-------- INFORMATION

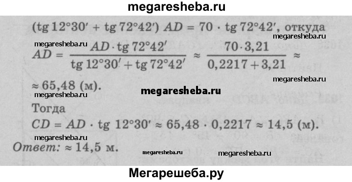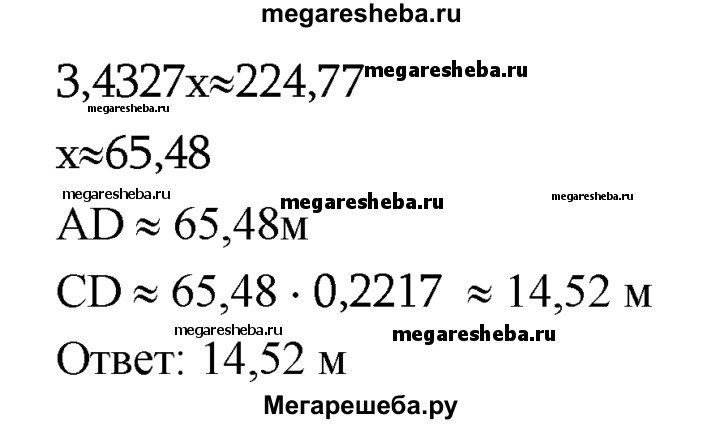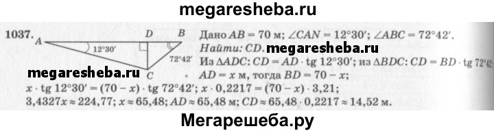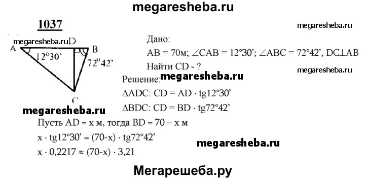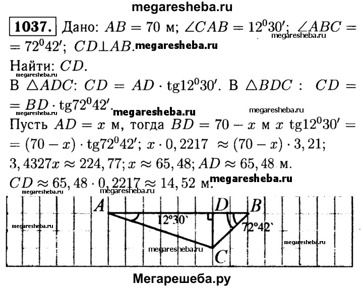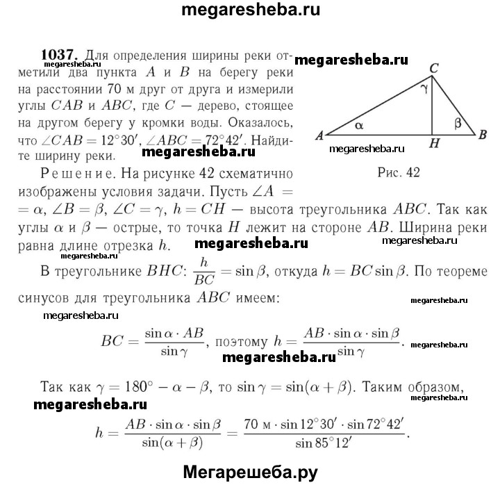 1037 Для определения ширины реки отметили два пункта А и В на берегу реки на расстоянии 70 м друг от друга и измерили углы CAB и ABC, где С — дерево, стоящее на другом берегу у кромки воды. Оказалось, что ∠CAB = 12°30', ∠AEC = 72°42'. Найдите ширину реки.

----------------
-------- INFORMATION

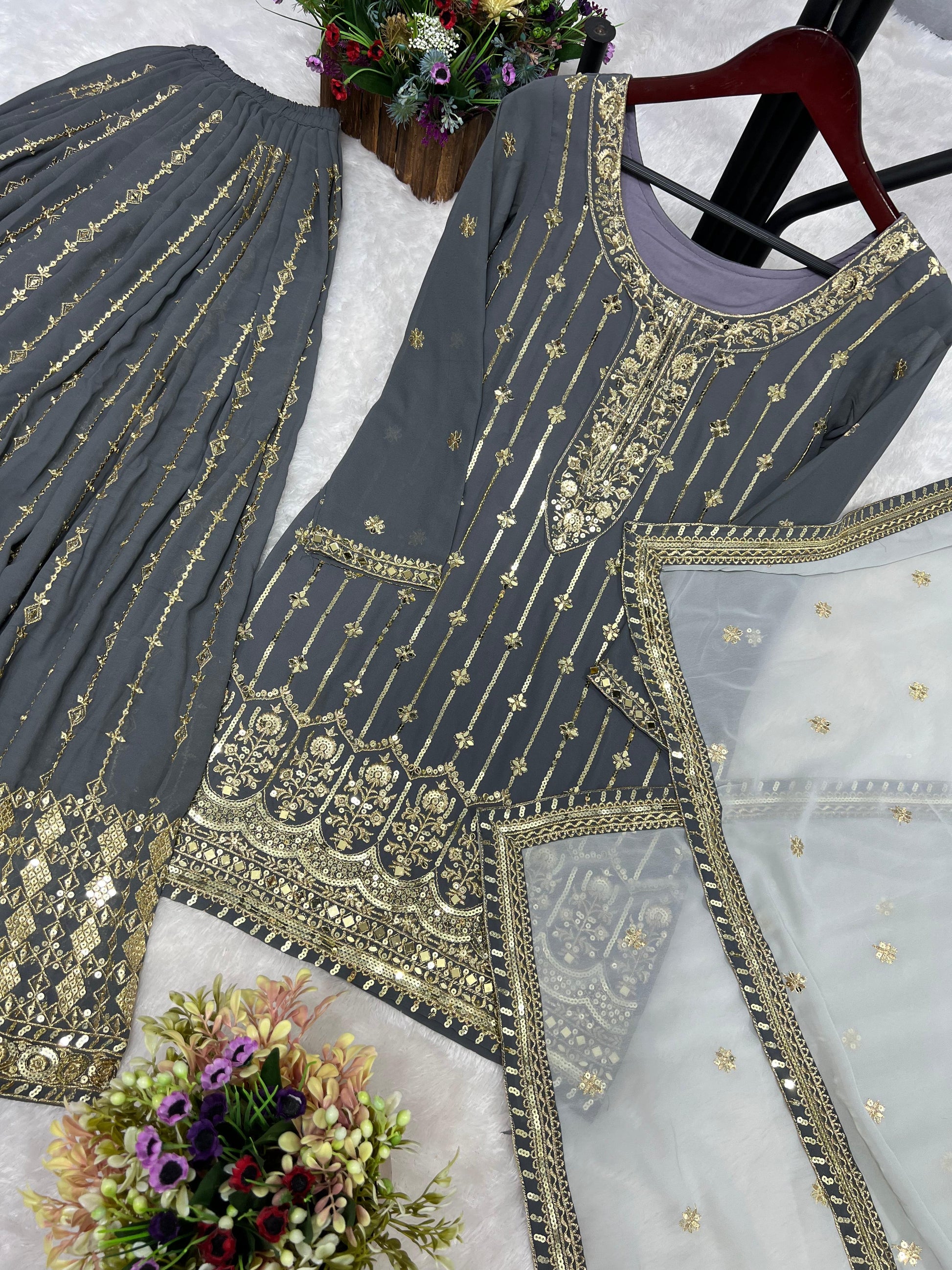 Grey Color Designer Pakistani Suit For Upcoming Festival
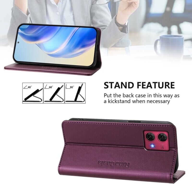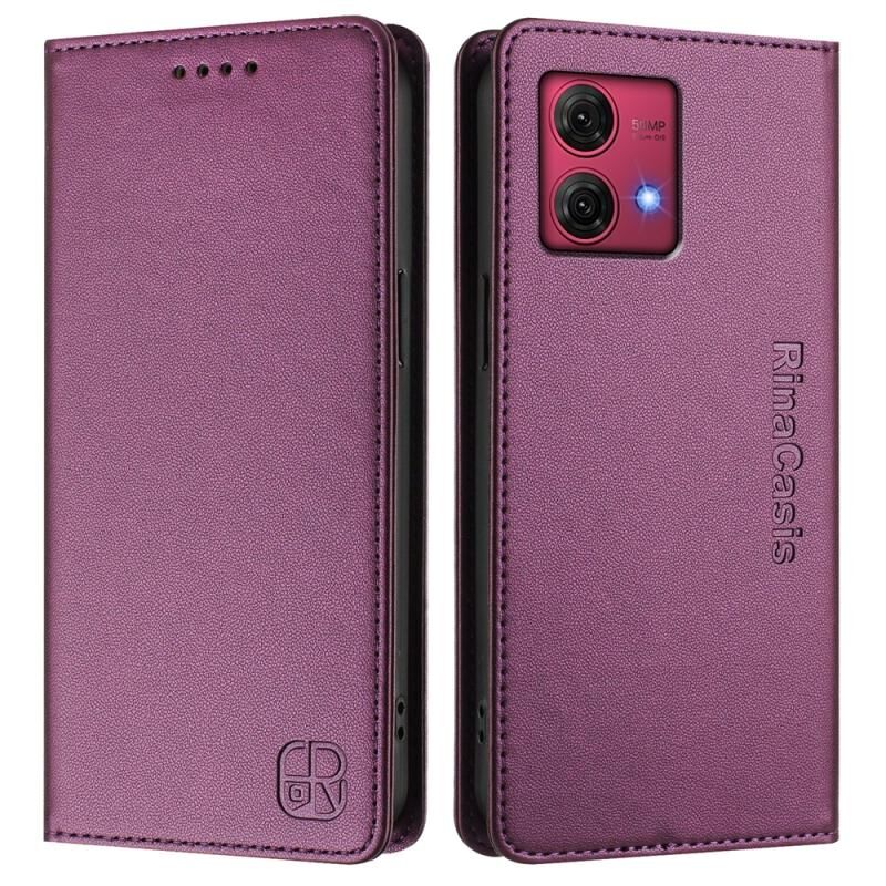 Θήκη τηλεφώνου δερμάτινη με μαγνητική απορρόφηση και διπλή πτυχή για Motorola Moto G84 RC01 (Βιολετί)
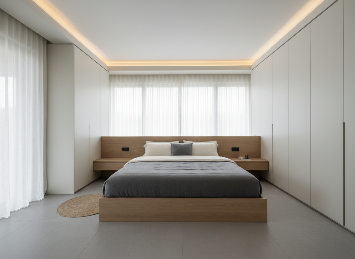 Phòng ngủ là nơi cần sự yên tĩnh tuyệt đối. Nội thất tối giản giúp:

----------------

### INSTRUCTIONS FOR THE TASK
Only one stretch of the data is wanted: write out exactly the lines from the one holding "Θήκη τηλεφώνου δερμάτινη" through the one holding "Phòng ngủ là", both included, without the pictures.

### ANSWER BOX
 Θήκη τηλεφώνου δερμάτινη με μαγνητική απορρόφηση και διπλή πτυχή για Motorola Moto G84 RC01 (Βιολετί)
 Phòng ngủ là nơi cần sự yên tĩnh tuyệt đối. Nội thất tối giản giúp:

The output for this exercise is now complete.